**GIVEN DATA:**
========

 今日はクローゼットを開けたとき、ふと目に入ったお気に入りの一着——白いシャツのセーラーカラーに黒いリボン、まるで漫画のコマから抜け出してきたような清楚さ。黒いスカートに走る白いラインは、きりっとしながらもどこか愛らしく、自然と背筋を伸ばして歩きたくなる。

========

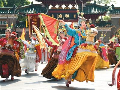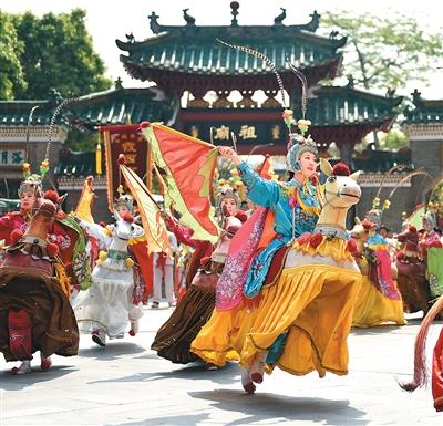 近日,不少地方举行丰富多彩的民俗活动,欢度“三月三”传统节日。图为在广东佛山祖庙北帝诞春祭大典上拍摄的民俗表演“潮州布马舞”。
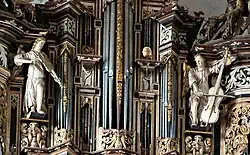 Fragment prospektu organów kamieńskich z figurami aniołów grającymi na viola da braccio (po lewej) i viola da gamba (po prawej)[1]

========

**TASK REQUIREMENTS:** Pictures in the material above should be skipped; print exactly the lines from the one with "近日,不少地方举行丰富多彩的" through the one with "Fragment prospektu organów".

**ANSWER TO THIS EXERCISE:**
 近日,不少地方举行丰富多彩的民俗活动,欢度“三月三”传统节日。图为在广东佛山祖庙北帝诞春祭大典上拍摄的民俗表演“潮州布马舞”。
 Fragment prospektu organów kamieńskich z figurami aniołów grającymi na viola da braccio (po lewej) i viola da gamba (po prawej)[1]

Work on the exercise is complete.